WORK TASK: Transcribe the listing underneath, keeping each word exact and omitting the images.

SUPPLIED MATERIAL:

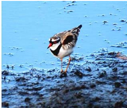
Black-fronted Plover (or Dotterel)
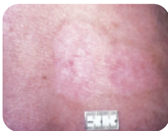
Basal cell carcinoma after Omnilux PDT Tx with 5-aminolevulinic acid
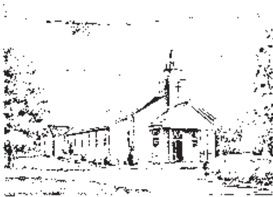
Immaculate Conception 20916 Dalton Road, Box 128, Sutton West, ON L0E 1R0 parish@immaculateconception.on.ca
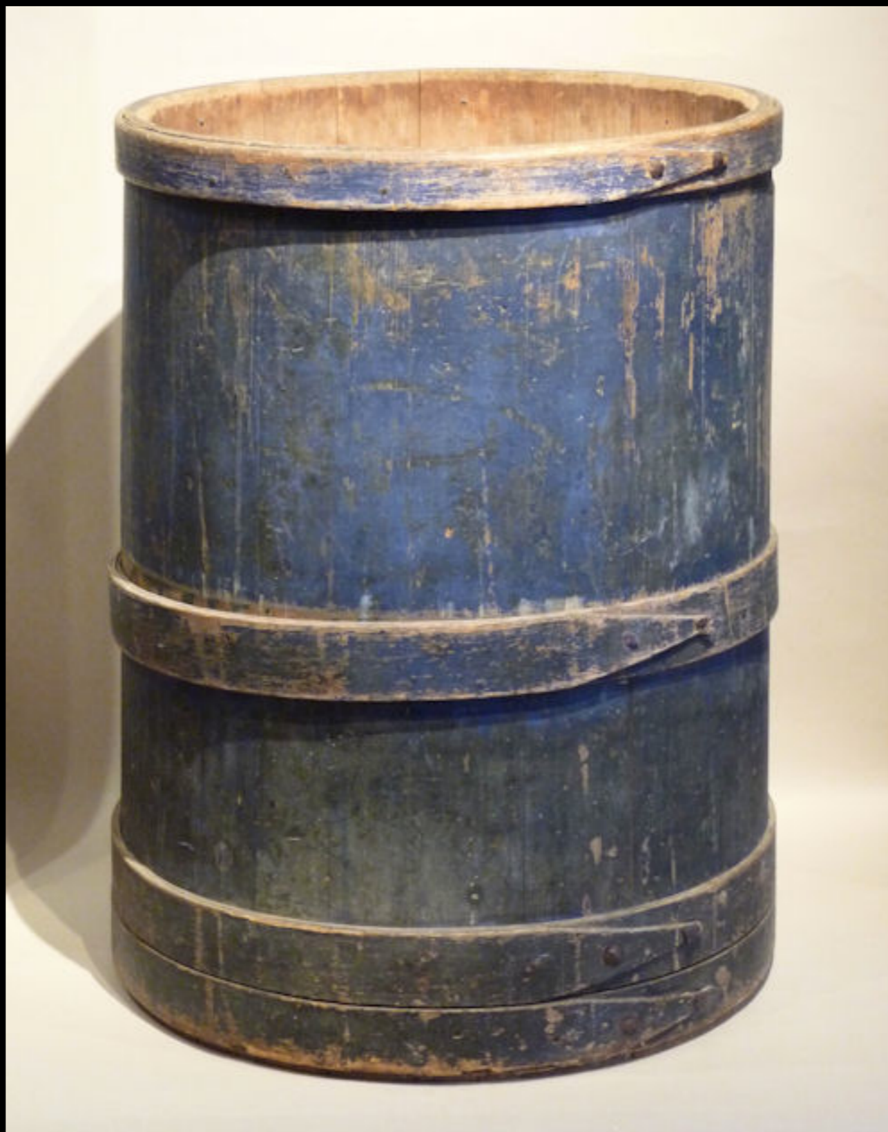
New England (Dry) Storage Barrel with Lapped Staves Secured by Rosehead Nails 18th Century (Sharon Platt)

WORKED SOLUTION:
Black-fronted Plover (or Dotterel)
Basal cell carcinoma after Omnilux PDT Tx with 5-aminolevulinic acid
Immaculate Conception 20916 Dalton Road, Box 128, Sutton West, ON L0E 1R0 parish@immaculateconception.on.ca
New England (Dry) Storage Barrel with Lapped Staves Secured by Rosehead Nails 18th Century (Sharon Platt)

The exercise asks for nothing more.